## Record excerpts
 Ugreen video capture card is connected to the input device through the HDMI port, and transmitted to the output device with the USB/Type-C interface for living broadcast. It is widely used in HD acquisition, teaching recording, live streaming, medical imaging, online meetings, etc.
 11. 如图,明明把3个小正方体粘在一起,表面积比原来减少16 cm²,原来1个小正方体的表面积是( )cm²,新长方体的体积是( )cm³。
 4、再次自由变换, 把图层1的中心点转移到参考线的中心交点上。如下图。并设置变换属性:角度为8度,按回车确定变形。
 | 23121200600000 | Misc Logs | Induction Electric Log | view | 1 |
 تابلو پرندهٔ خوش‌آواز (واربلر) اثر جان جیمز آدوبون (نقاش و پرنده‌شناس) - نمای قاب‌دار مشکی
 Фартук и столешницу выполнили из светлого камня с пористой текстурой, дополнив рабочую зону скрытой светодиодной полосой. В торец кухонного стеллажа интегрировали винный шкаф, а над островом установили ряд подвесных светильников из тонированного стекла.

---

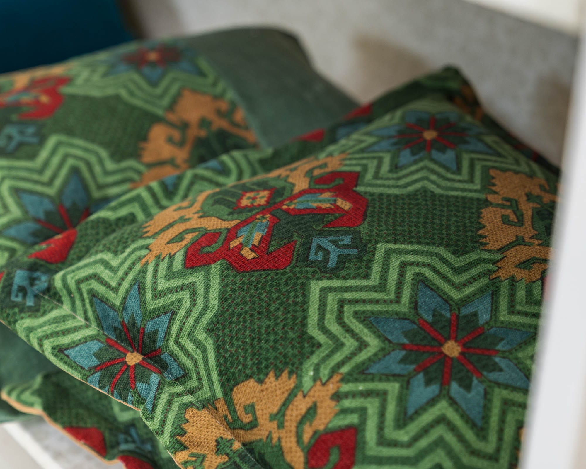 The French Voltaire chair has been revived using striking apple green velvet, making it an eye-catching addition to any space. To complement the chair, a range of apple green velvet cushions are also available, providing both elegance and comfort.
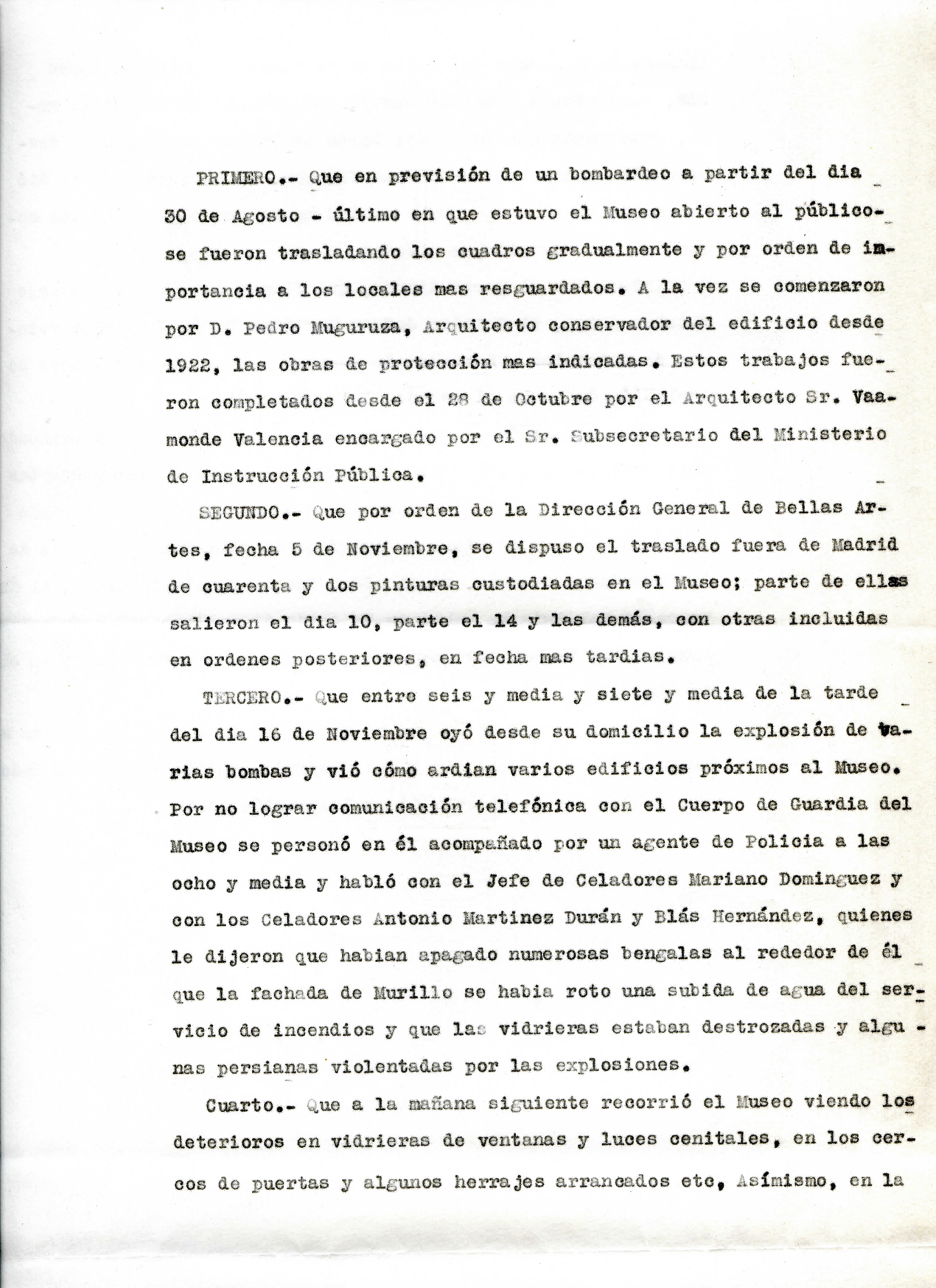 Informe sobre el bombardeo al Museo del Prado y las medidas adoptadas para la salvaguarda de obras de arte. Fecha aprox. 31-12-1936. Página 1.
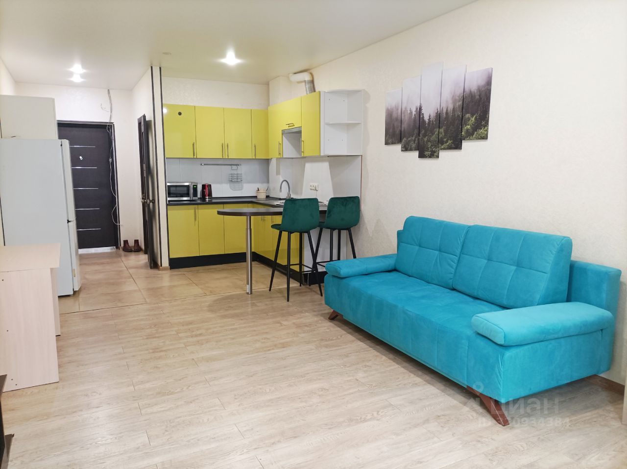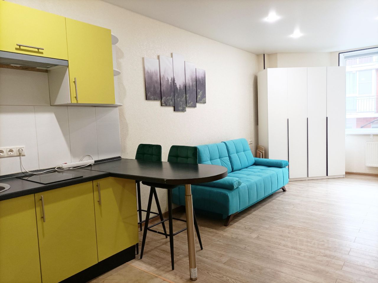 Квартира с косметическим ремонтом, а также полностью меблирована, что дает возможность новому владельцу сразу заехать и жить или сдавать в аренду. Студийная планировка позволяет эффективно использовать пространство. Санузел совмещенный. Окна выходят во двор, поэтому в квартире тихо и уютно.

## To do
For this exercise, output exactly the lines above from the line with "cm²,原来1个小正方体的表面积是( )cm²,新长方体的体积是( )cm³。" to the line with "Фартук и столешницу", counting both, and leave out the rest.

## Result of the exercise
 11. 如图,明明把3个小正方体粘在一起,表面积比原来减少16 cm²,原来1个小正方体的表面积是( )cm²,新长方体的体积是( )cm³。
 4、再次自由变换, 把图层1的中心点转移到参考线的中心交点上。如下图。并设置变换属性:角度为8度,按回车确定变形。
 | 23121200600000 | Misc Logs | Induction Electric Log | view | 1 |
 تابلو پرندهٔ خوش‌آواز (واربلر) اثر جان جیمز آدوبون (نقاش و پرنده‌شناس) - نمای قاب‌دار مشکی
 Фартук и столешницу выполнили из светлого камня с пористой текстурой, дополнив рабочую зону скрытой светодиодной полосой. В торец кухонного стеллажа интегрировали винный шкаф, а над островом установили ряд подвесных светильников из тонированного стекла.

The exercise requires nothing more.